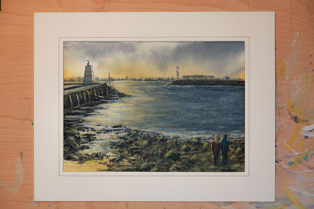 I don't really do sunsets in watercolour as I feel it's better suited for an opaque medium such as oils or acrylics but looking through my photographs I came across one I took last November at the Headland in Hartlepool so I thought that I would give it a try.
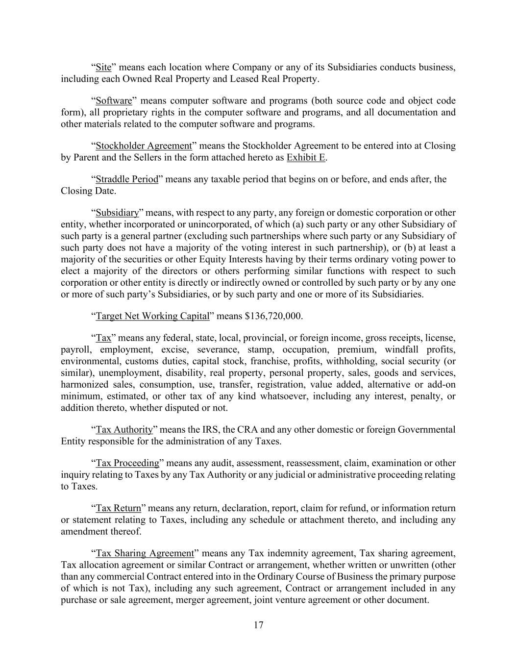 17 “Site” means each location where Company or any of its Subsidiaries conducts business, including each Owned Real Property and Leased Real Property. “Software” means computer software and programs (both source code and object code form), all proprietary rights in the computer software and programs, and all documentation and other materials related to the computer software and programs. “Stockholder Agreement” means the Stockholder Agreement to be entered into at Closing by Parent and the Sellers in the form attached hereto as Exhibit E. “Straddle Period” means any taxable period that begins on or before, and ends after, the Closing Date. “Subsidiary” means, with respect to any party, any foreign or domestic corporation or other entity, whether incorporated or unincorporated, of which (a) such party or any other Subsidiary of such party is a general partner (excluding such partnerships where such party or any Subsidiary of such party does not have a majority of the voting interest in such partnership), or (b) at least a majority of the securities or other Equity Interests having by their terms ordinary voting power to elect a majority of the directors or others performing similar functions with respect to such corporation or other entity is directly or indirectly owned or controlled by such party or by any one or more of such party’s Subsidiaries, or by such party and one or more of its Subsidiaries. “Target Net Working Capital” means $136,720,000. “Tax” means any federal, state, local, provincial, or foreign income, gross receipts, license, payroll, employment, excise, severance, stamp, occupation, premium, windfall profits, environmental, customs duties, capital stock, franchise, profits, withholding, social security (or similar), unemployment, disability, real property, personal property, sales, goods and services, harmonized sales, consumption, use, transfer, registration, value added, alternative or add-on minimum, estimated, or other tax of any kind whatsoever, including any interest, penalty, or addition thereto, whether disputed or not. “Tax Authority” means the IRS, the CRA and any other domestic or foreign Governmental Entity responsible for the administration of any Taxes. “Tax Proceeding” means any audit, assessment, reassessment, claim, examination or other inquiry relating to Taxes by any Tax Authority or any judicial or administrative proceeding relating to Taxes. “Tax Return” means any return, declaration, report, claim for refund, or information return or statement relating to Taxes, including any schedule or attachment thereto, and including any amendment thereof. “Tax Sharing Agreement” means any Tax indemnity agreement, Tax sharing agreement, Tax allocation agreement or similar Contract or arrangement, whether written or unwritten (other than any commercial Contract entered into in the Ordinary Course of Business the primary purpose of which is not Tax), including any such agreement, Contract or arrangement included in any purchase or sale agreement, merger agreement, joint venture agreement or other document.
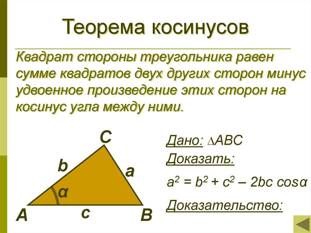 Теорема косинусовКвадрат стороны треугольника равен
+ + + + + + +
§ **PROBLEM DETAILS**: Please print the data above once more, exactly as it appears, with no pictures.

§ **RESPONSE FOR THIS EXERCISE**:
 I don't really do sunsets in watercolour as I feel it's better suited for an opaque medium such as oils or acrylics but looking through my photographs I came across one I took last November at the Headland in Hartlepool so I thought that I would give it a try.
 17 “Site” means each location where Company or any of its Subsidiaries conducts business, including each Owned Real Property and Leased Real Property. “Software” means computer software and programs (both source code and object code form), all proprietary rights in the computer software and programs, and all documentation and other materials related to the computer software and programs. “Stockholder Agreement” means the Stockholder Agreement to be entered into at Closing by Parent and the Sellers in the form attached hereto as Exhibit E. “Straddle Period” means any taxable period that begins on or before, and ends after, the Closing Date. “Subsidiary” means, with respect to any party, any foreign or domestic corporation or other entity, whether incorporated or unincorporated, of which (a) such party or any other Subsidiary of such party is a general partner (excluding such partnerships where such party or any Subsidiary of such party does not have a majority of the voting interest in such partnership), or (b) at least a majority of the securities or other Equity Interests having by their terms ordinary voting power to elect a majority of the directors or others performing similar functions with respect to such corporation or other entity is directly or indirectly owned or controlled by such party or by any one or more of such party’s Subsidiaries, or by such party and one or more of its Subsidiaries. “Target Net Working Capital” means $136,720,000. “Tax” means any federal, state, local, provincial, or foreign income, gross receipts, license, payroll, employment, excise, severance, stamp, occupation, premium, windfall profits, environmental, customs duties, capital stock, franchise, profits, withholding, social security (or similar), unemployment, disability, real property, personal property, sales, goods and services, harmonized sales, consumption, use, transfer, registration, value added, alternative or add-on minimum, estimated, or other tax of any kind whatsoever, including any interest, penalty, or addition thereto, whether disputed or not. “Tax Authority” means the IRS, the CRA and any other domestic or foreign Governmental Entity responsible for the administration of any Taxes. “Tax Proceeding” means any audit, assessment, reassessment, claim, examination or other inquiry relating to Taxes by any Tax Authority or any judicial or administrative proceeding relating to Taxes. “Tax Return” means any return, declaration, report, claim for refund, or information return or statement relating to Taxes, including any schedule or attachment thereto, and including any amendment thereof. “Tax Sharing Agreement” means any Tax indemnity agreement, Tax sharing agreement, Tax allocation agreement or similar Contract or arrangement, whether written or unwritten (other than any commercial Contract entered into in the Ordinary Course of Business the primary purpose of which is not Tax), including any such agreement, Contract or arrangement included in any purchase or sale agreement, merger agreement, joint venture agreement or other document.
 Теорема косинусовКвадрат стороны треугольника равен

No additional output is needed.